2.5 Local Search
As a final topic of interest, backtracking search is not the only algorithm that exists for solving constraint satisfaction problems. Another widely used algorithm is local search, for which the idea is childishly simple but remarkably useful. Local search works by iterative improvement—start with some random assignment to values, then iteratively select a random conflicted variable and reassign its value to the one that violates the fewest constraints until no more constraint violations exist (a policy known as the min-conflicts heuristic). Under such a policy, constraint satisfaction problems like \(N\)-queens become both very time-efficient and space-efficient to solve. For example, in the following example with 4 queens, we arrive at a solution after only 2 iterations:
In fact, local search appears to run in almost constant time and have a high probability of success not only for \(N\)-queens with arbitrarily large \(N\), but also for any randomly generated CSP! However, despite these advantages, local search is both incomplete and suboptimal and so won’t necessarily converge to an optimal solution. Additionally, there is a critical ratio around which using local search becomes extremely expensive:
The figure above shows the one-dimensional plot of an objective function on the state space. For that function, we wish to find the state that corresponds to the highest objective value. The basic idea of local search algorithms is that from each state, they locally move toward states that have a higher objective value until a maximum (hopefully the global) is reached.

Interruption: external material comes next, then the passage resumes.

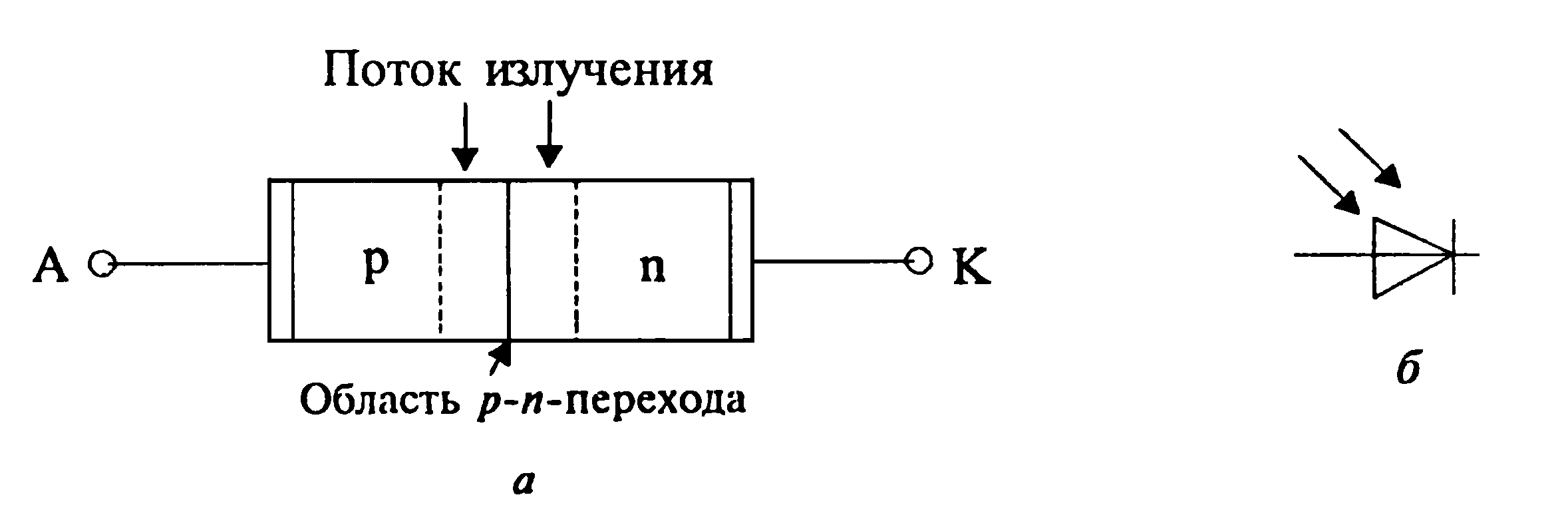 Рис. 2.48. Структура фотодиода (а) и его УГО (б)

We will be covering three such algorithms: hill-climbing, simulated annealing, and genetic algorithms. All these algorithms are also used in optimization tasks to either maximize or minimize an objective function.
2.5.1 Hill-Climbing Search
The hill-climbing search algorithm (or steepest-ascent) moves from the current state toward a neighboring state that increases the objective value. The algorithm does not maintain a search tree but only the states and the corresponding values of the objective. The “greediness” of hill-climbing makes it vulnerable to being trapped in local maxima (see figure below), as locally those points appear as global maxima to the algorithm, and plateaux. Plateaux can be categorized into “flat” areas at which no direction leads to improvement (“flat local maxima”) or flat areas from which progress can be slow (“shoulders”). Variants of hill-climbing, like stochastic hill-climbing, which selects an action randomly among the uphill moves, have been proposed. This version of hill-climbing has been shown in practice to converge to higher maxima at the cost of more iterations.

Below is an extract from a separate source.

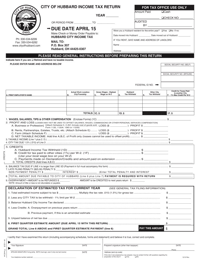 What common mistakes should I avoid while filling out the Hubbard Income Tax Return?

The pseudocode of hill-climbing can be seen above. As the name suggests, the algorithm iteratively moves to a state with a higher objective value until no such progress is possible. Hill-climbing is incomplete. Random-Restart hill-climbing, on the other hand, conducts a number of hill-climbing searches, each time from a randomly chosen initial state, and is trivially complete, as at some point the randomly chosen initial state will coincide with the global maximum.
2.5.2 Simulated Annealing Search
The second local search algorithm we will cover is simulated annealing. Simulated annealing aims to combine random walk (randomly moving to nearby states) and hill-climbing to obtain a complete and efficient search algorithm. In simulated annealing, we allow moves to states that can decrease the objective. More specifically, the algorithm at each state chooses a random move. If the move leads to a higher objective, it is always accepted. If, on the other hand, it leads to smaller objectives, then the move is accepted with some probability. This probability is determined by the temperature parameter, which initially is high (more “bad” moves allowed) and decreases according to some schedule. If the temperature is decreased slowly enough, then the simulated annealing algorithm will reach the global maximum with a probability approaching 1.
2.5.3 Genetic Algorithms
Finally, we present genetic algorithms, which are a variant of local beam search and are also extensively used in many optimization tasks. Genetic algorithms begin as beam search with \(k\) randomly initialized states called the population. States (or individuals) are represented as a string over a finite alphabet. To understand the topic better, let’s revisit the 8-Queens problem presented in class. For the 8-Queens problem, we can represent each of the eight individuals with a number that ranges from 1–8, representing the location of each queen in the column (column (a) in Fig. 4.6). Each individual is evaluated using an evaluation function (fitness function), and they are ranked according to the values of that function. For the 8-Queens problem, this is the number of non-attacking pairs of queens.
The probability of choosing a state to “reproduce” is proportional to the value of that state. We proceed to select pairs of states to reproduce according to these probabilities (column (c) in Fig. 4.6). Offspring are generated by crossing over the parent strings at the crossover point. That crossover point is chosen randomly for each pair. Finally, each offspring is susceptible to some random mutation with independent probability. The pseudocode of the genetic algorithm can be seen in the following picture.
Genetic algorithms try to move uphill while exploring the state space and exchanging information between threads. Their main advantage is the use of crossovers since this allows for large blocks of letters, that have evolved and lead to high valuations, to be combined with other such blocks and produce a solution with a high total score.